Olya sourit. Un sourire vrai, léger.

— Mieux seule qu’avec vous.

Elle ferma la porte et tourna la clé. Le silence enveloppa l’appartement comme une couverture chaude. Olya s’adossa à la porte, ferma les yeux et inspira profondément. Pour la première fois depuis un mois, l’air était pur.

Le procès se déroula vite, sans émotion. Dmitri vint seul, sans sa mère. Il resta la tête baissée, répondit brièvement aux questions du juge. Aucun recours, aucun partage, rien à discuter. Le jugement fut rendu le jour même — mariage dissous, appartement laissé à Olya.

En sortant du tribunal, Olya croisa Dmitri dans le couloir. Il s’arrêta, ouvrit la bouche, mais ne dit rien. Elle passa à côté sans se retourner.

Quelques semaines plus tard, une collègue raconta qu’elle avait vu Dmitri à un arrêt de bus.

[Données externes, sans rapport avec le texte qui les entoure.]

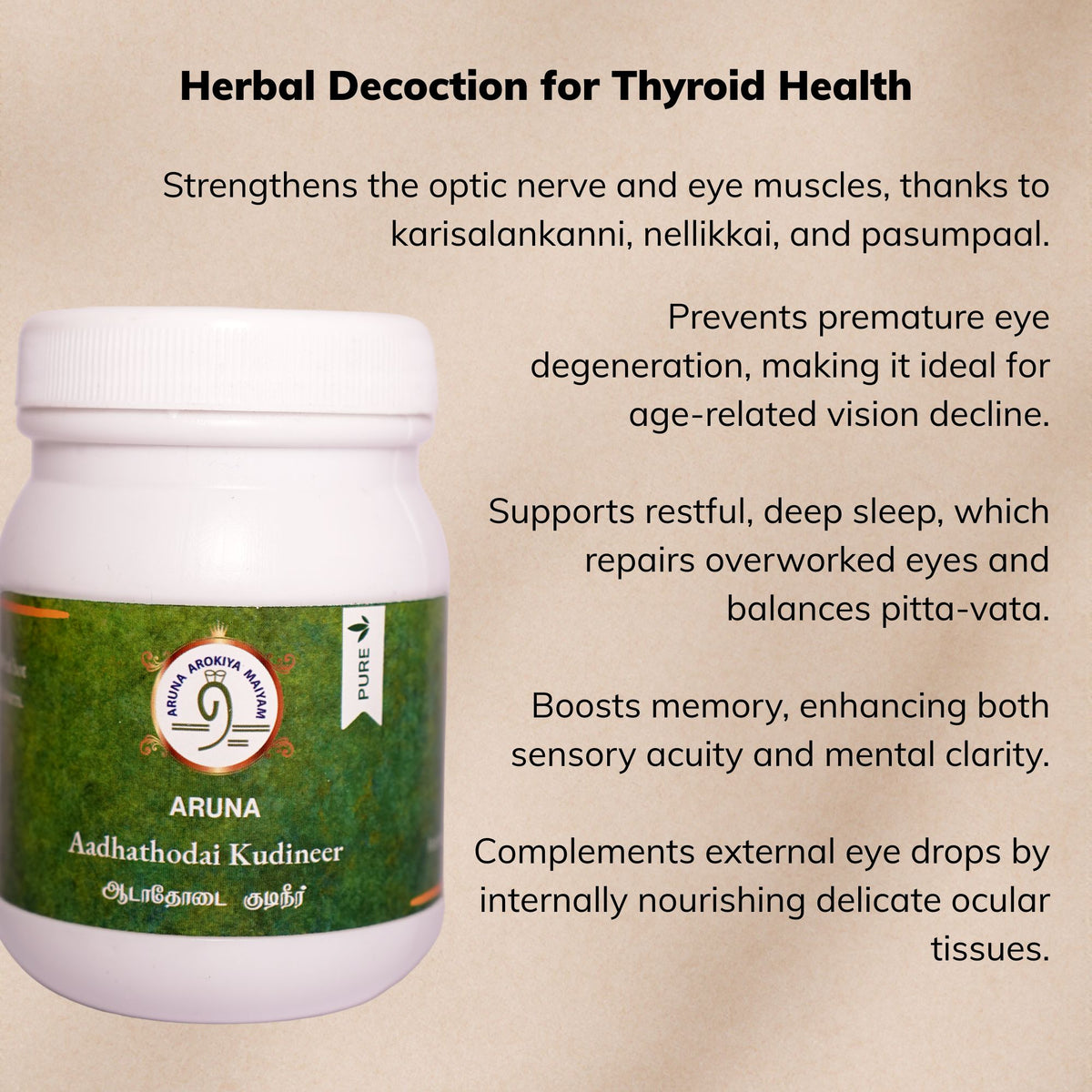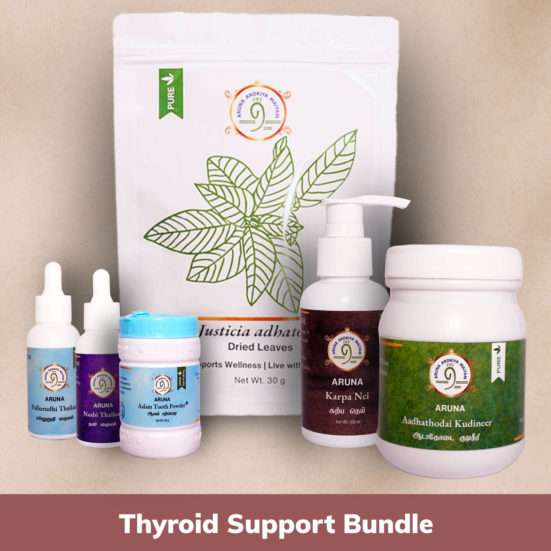Yes. This bundle supports balance, not stimulation or suppression. Ingredients like Ashokapattai Kudineer and Karpa Nei help normalize hormonal rhythms and reduce inflammation whether you're dealing with underactive or overactive thyroid tendencies.

Il était avec sa mère. Tous deux avaient l’air défaits, fatigués. Olya écouta, haussa les épaules. Une autre vie, d’autres soucis.

L’appartement retrouva peu à peu son état d’origine. Olya remit les meubles comme avant, replaça la vaisselle, jeta les piles de journaux que Valentina Ivanovna avait accumulées dans un coin. Le soir, elle pouvait enfin lire en silence, sans la télévision tonitruante, sans bavardages incessants au téléphone.

Un soir, en préparant du thé, Olya se rendit compte qu’elle souriait. Sans raison. Juste parce qu’il faisait calme, parce que l’air sentait le linge propre, parce que personne ne fouillait dans ses affaires ni ne lui réclamait des comptes sur chaque rouble dépensé.

Elle s’approcha de la fenêtre et regarda la ville automnale plongée dans le crépuscule. La vie continuait. Sans poids superflu, sans mensonges, sans gens qui se cachent derrière le mot « famille » pour vider quelqu’un jusqu’à la dernière goutte.

Et dans cette solitude, il y avait plus de paix que dans toutes les années passées ensemble.